Annoying. Just typed a long comment and it got deleted. Anyways...the gist of it was that I think it's great that you're going back to school. I toyed with going back to school for nursing for awhile but ultimately decided against it. Library Science would be very interesting as well. Someday I might go back and finish a DMA (kinda depends on if my throat stuff ever resolves). Anyways, I think it's great to have career options and to do something you love. I'm looking forward to using my degrees more as my kids get older. Good luck to you with your coursework!
I have always been grateful that I have a degree, and that it is a pretty kid-friendly one (elementary education) so if I had to get a job, the hours would mostly be while my girls were in school (once they get that old, anyway). I still get nervous thinking of all the things that could happen to Devin and terrified that I would actually have to figure out how to make it work, but knowing that I do have the degree helps. When Devin rides his bike to work I always tell him, "try not to get hit by a car." But I've also been thinking about going back to school to get another degree (we get free credits because Devin is a professor, so why not?!)
Good luck, and have fun, and I hope you enjoy it!!

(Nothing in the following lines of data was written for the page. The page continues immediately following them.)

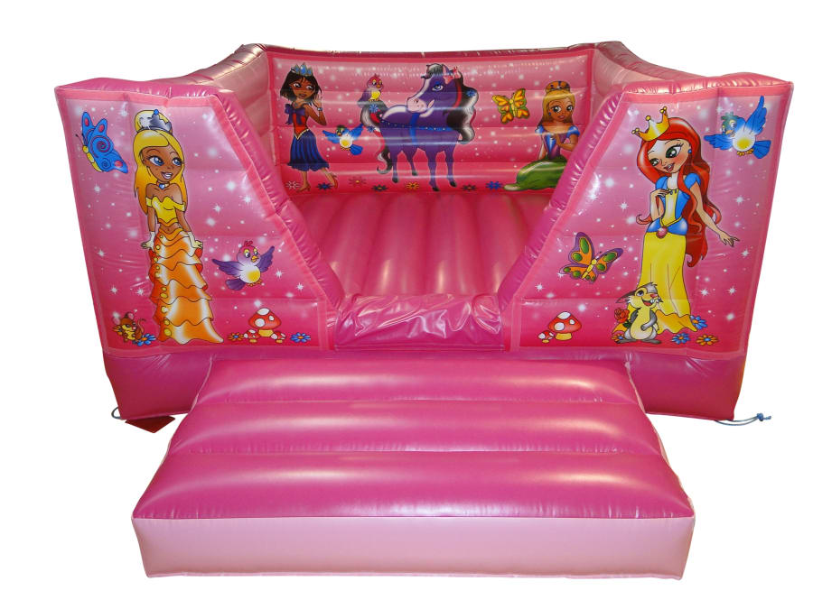 Little girls love our PRINCESS Pony themed Bouncy Castle. Featuring beautiful princesses and their trusted pony ready to welcome little guests to bounce on this lovely pink bouncy castle. This PRINCESS Pony themed bouncy castle is available as part of our Low Height Bouncy Castle hire range. It is also part of our interchangeable Velcro Range and comes with a choice of different colour base units to choose from at time of booking subject to availability, and available as part of our Discounted Indoor Package with other matching inflatables in the Princess Pony range, including Princes Turret Bouncy Castle and Princess Bounce n Slide Measurements: 12.8 x 15.7 x 6.6ft (WxLxH) Area required: 16 x 23 x 7ft (WxLxH) This bouncy castle is a great addition to our PRINCESS Range and available to hire as part of our discounted Indoor PACKAGES range. This inflatable is open topped and does not have a rain/sun cover.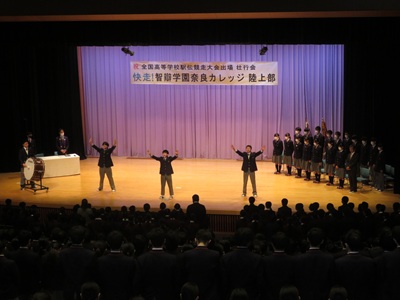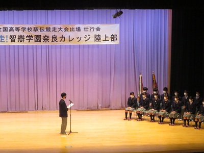 12月10日(水)、全国高校駅伝に出場する奈良カレッジ陸上競技部の壮行会が講堂で行われました。
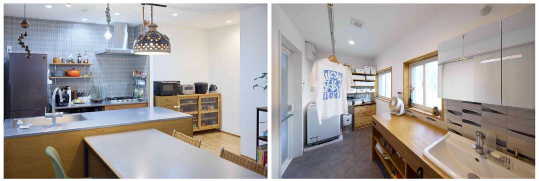 また洗面台も造作で。作業スペースを設けた洗面台は洗濯物を畳んだり、アイロンを掛けたりと家事もスムーズです。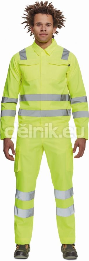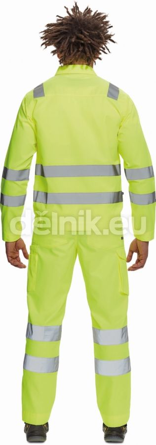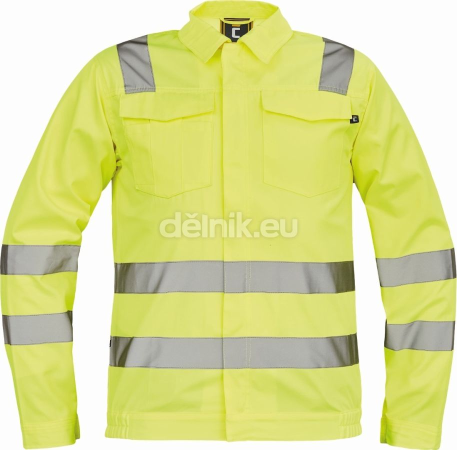 pánská lehká full HI-VIS pracovní bunda s reflexními pruhy přes ramena, v bocích a na rukávech; zapínání na zip kryté légou na suchý zip; 2 náprsní kapsy s klopou; nastavitelná šířka rukávů pomocí suchého zipu; elastický lem boků; svrchní materiál: 50 % bavlna, 50 % polyester, 200 g/m²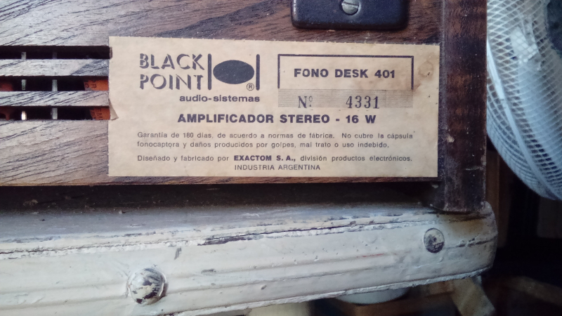 Ahora el pedido: entre unas cosas viejar que habia dejado un tio de me esposa ya fallecido, encontre un tocadisco viejo marca Black Point, modelo Fono desk 401, el mismo le falta el trafo pero lo demas esta completo al parecer . Si alguien me pudiera facilitar el diagrama electrico del mismo se lo agradeceria muchisimo. Adjunto algunas imagenes para proporcionar mas informacion a quien me pueda ayudar.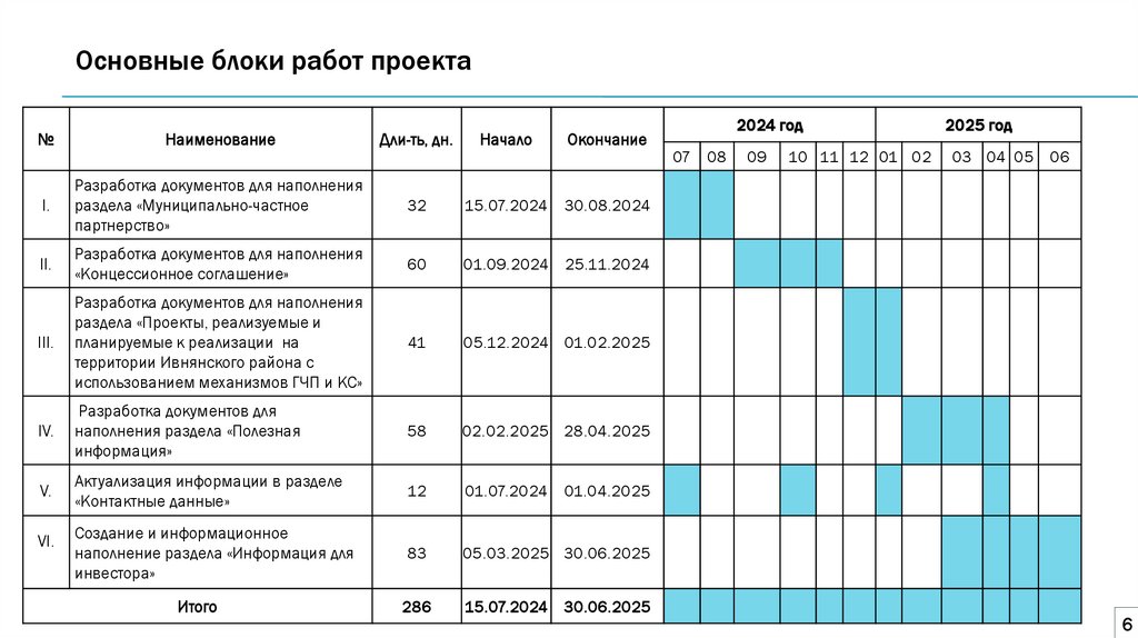 Основные блоки работ проекта№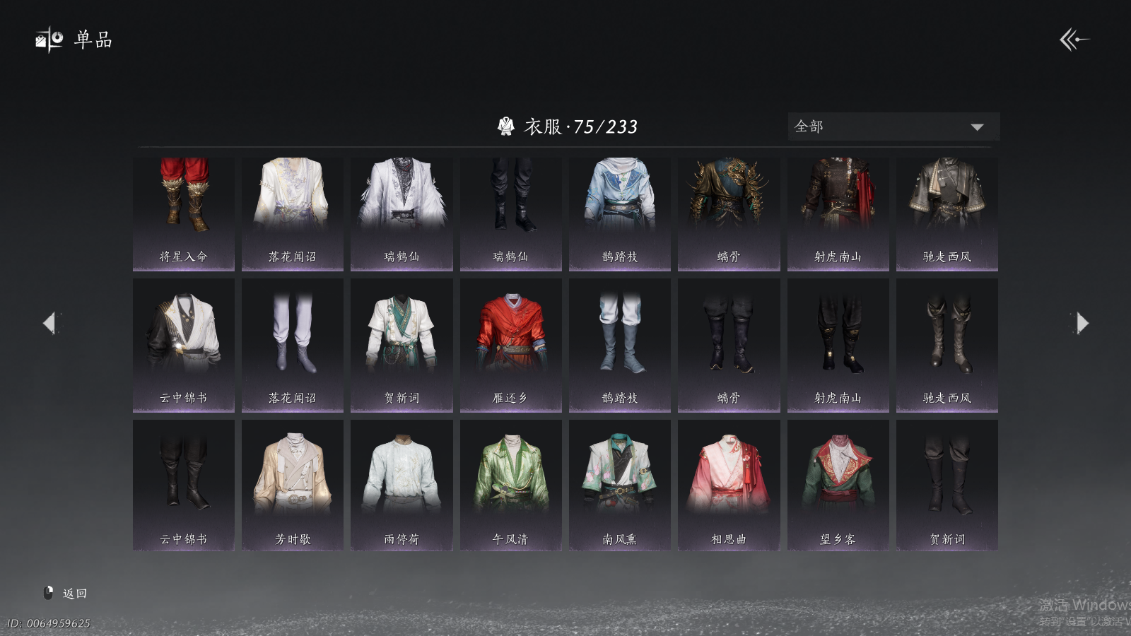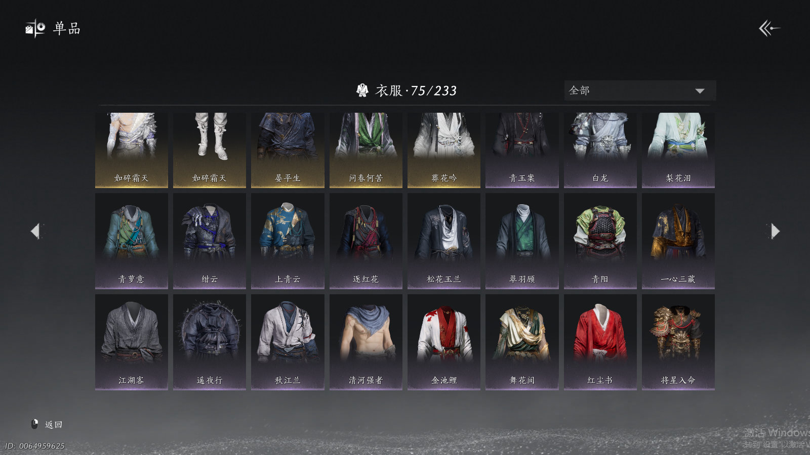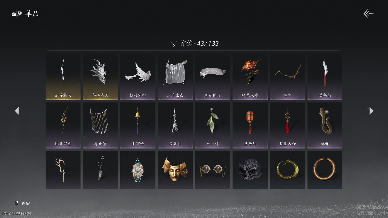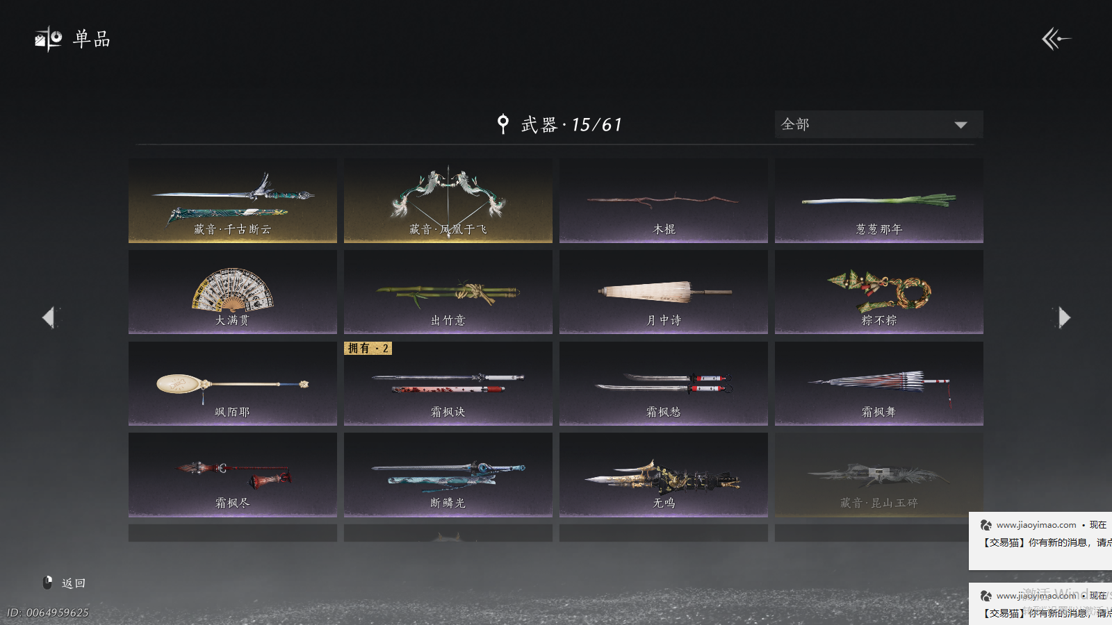 商品描述: 【背包两未用+可封装珍珠双惊霆五金枪+可封装腾光清弦四金弓+瑞鹤仙将星+碎冰冰+九剑+射虎五战令,武器封装cd半个月左右】 风华值48454 武林造诣(鹅)35423 已用八音窍数量5 未用八音窍数量2 等级100 角色性别【文本】男 【绝境】 【无换绑CD】 【未绑定或可换绑】 【未注册】 【不支持人脸包赔】 【男】 稀有套装1 稀有武器外观2 稀有武学奇术1 套装33 武器外观11 武学奇术1 坐骑2 稀有套装:如碎霜天; 稀有武器外观:藏音·千古断云,藏音·凤凰于飞; 稀有武学奇术:一斩绛天; 套装:葬花吟,问春何苦,云中锦书,青玉案,鹊踏枝,贺新词,雁还乡,红尘书,芳时歇,午风清,南风熏,相思曲,望乡客,一心三藏,逐红花,遥夜行,江湖客,雨停荷,舞花间,松花玉兰,上青云,螭骨,将星入命,青阳,白龙,射虎南山,金池鲤,瑞鹤仙,翠羽顾,落花闻诏,梨花泪,清河强者,驰走西风; 武器外观:大满贯,月中诗,出竹意,木棍,葱葱那年,飒陌耶,霜枫舞,霜枫愁,霜枫尽,无鸣,断鳞光; 武学奇术:御帚飞鸡; 坐骑:白义,飒露子;

I don't think it is pessimistic at all to plan for the worst. I think it is a smart thing to have a workable degree. You never know what life will throw at you. I've thought of going back, as we've discussed. I just don't know in what. Not in clarinet, and probably not as a band director. I don't think I would be happy teaching at a junior high or high school. Right now we're focused on getting Mike finished, and maybe some time after I can go back to school. Good luck and have fun!
Oh, best of luck! One of these days when I'm not so exhausted (I don't think Benjamin is ever going to sleep through the night; ever) I might brave those same waters. But today is not that day, so I'll just live vicariously through you! :D
This is awesome. Good for you for looking ahead to the future and trying to plan for any contingency. Plus, school is fun, and you'll probably really enjoy it!! Good luck!!!